In 1978, a movie named Lady of the House hit American televisions, carrying with it a story that would be utterly preposterous if it weren't, in fact, true: hard-bitten brothel madam works her way up to become popular mayor of a small town. This was the life story of the legendary Ms. Sally Stanford, who conquered hardship and a third-grade education, with a winning combination of sass and street smarts.
Born in 1903 (with the name Mabel Busby), in Baker County, Oregon, the second of five children, Stanford's wild spirit showed itself early. She eloped at the age of 16, and ran straight into a life of crime, immediately landing herself in prison for cashing checks that her husband had stolen. During her two-year sentence, she learned the art of bootlegging from fellow prisoners. After her release, she headed to Ventura to open a speakeasy. Once she'd saved enough money, a 21-year-old Stanford made the move to San Francisco, and immediately opened a brothel in the Tenderloin.
Stanford's dazzling confidence, wit, and steadfast ability to keep secrets quickly made her an infamous figure in the city. She was arrested repeatedly, but charges against her rarely stuck, and she was soon successful enough to open a second house of ill repute.
Attempts to settle down evaded Stanford at every turn. At one point, she was married to attorney Ernest Spagnoli, who once defended notorious gangster Spud Murphy, for three years. The union was annulled when Spagnoli discovered Stanford was still married to her first husband.
By the age of 37, Stanford, having thrown herself full-force at a life of madaming, was running a high-end Nob Hill bordello that was so legendary, it was said to be frequented by the most respected politicians and businessmen in the region, as well as visiting dignitaries and celebrities from around the country. Stanford listed the likes of Errol Flynn, Frank Sinatra and Humphrey Bogart (who eventually got 86'd) as regulars. “Madaming is the sort of thing that happens to you," Stanford wrote in her 1966 autobiography. "Like getting a battlefield commission or becoming the dean of women at Stanford University."

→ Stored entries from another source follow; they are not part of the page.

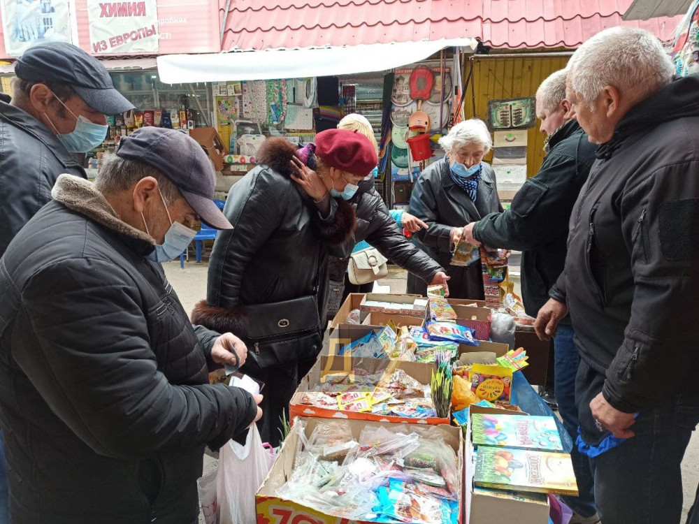 Привоз накануне праздников пестрит и радует глаз обилием товара и покупателей. Большинство людей на базаре без защитных масок или с приспущенными на подбородок.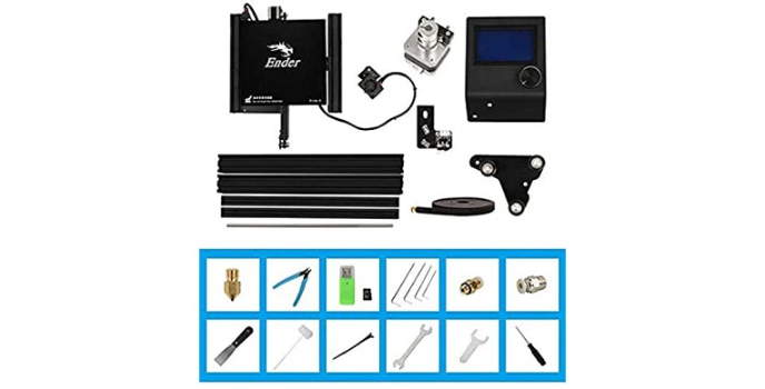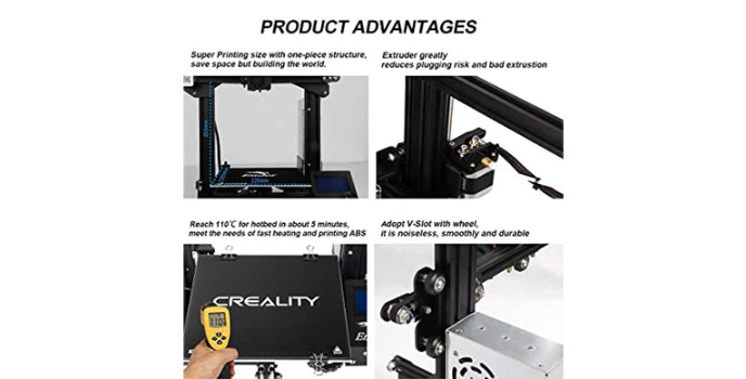 This ender 3D printer has 1*Creality Ender 3. It comes with a 1*Tempered Glass Plate, making models easier removed. It also makes the hotbed flatter and five nozzles. It is convenient to solve the problem of hotbed warping as in the Ender 3D printer brand. It comes at cheap 3D printers prices with good service. Its MK - 8 extruders significantly reduce plugging risk and bad extrusion. The creality ender 3x with the POM wheel makes it move noiselessly, smoothly, and durable. Its one-piece structure provides a large printing size.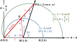 The construction of the outer loop of reveals its angle trisection properties.[5] The outer loop exists on the interval . Here, we examine the trisectrix property of the portion of the outer loop above the polar axis, i.e., defined on the interval .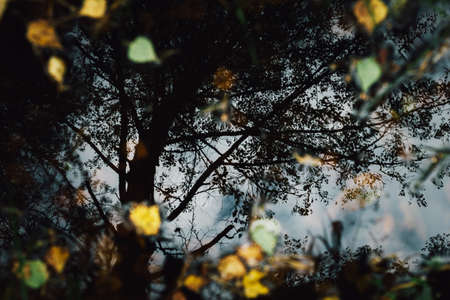 Reflection of a tree in a puddle in the forest top view. Natural background. Autumn leaves on the water surface close-up. Abstract background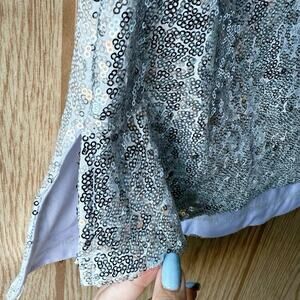 Style Features : sleeveless, round neck, back zipper, silver patterned sequins, lined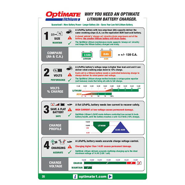 | The Optimate TM-281 is designed for 24-28V Lithium batteries. This will charge and maintain your lithium battery with 5 amps of energy. This lithium charger also has a “tune” or power source mode of delivering 4 continuous amps of energy so you can program your EFIS or retune your car plus a pushbutton activated BMS “wake up” mode to safely wake up a battery out of sleep mode. This Optimate Lithium charger will quickly charge your 24V battery, maintain it at the optimal voltage so it is ready to go when you are, but also has a feature of being a power source of 5 continuous amps! For example, you can use it as power supply while programming your aircraft EFIS or supply power to your car while retuning it. |

In 1949, increasingly harassed by local police and then-District Attorney, Pat Brown, Stanford moved to Sausalito and opened a restaurant, appropriately titled Valhalla. While the venue attracted celebrity customers including Marlon Brando, Bing Crosby, and Lucille Ball, and advertised itself as a venue strictly for wining and dining, local rumor and a red light at the back of the building suggested otherwise. Thanks to the Bohemian nature of the Bay Area enclave, neighbors adored and supported the Inn. A local man told KPIX News in 2018: "She did provide a useful service, and a good place to eat, and people appreciate that.”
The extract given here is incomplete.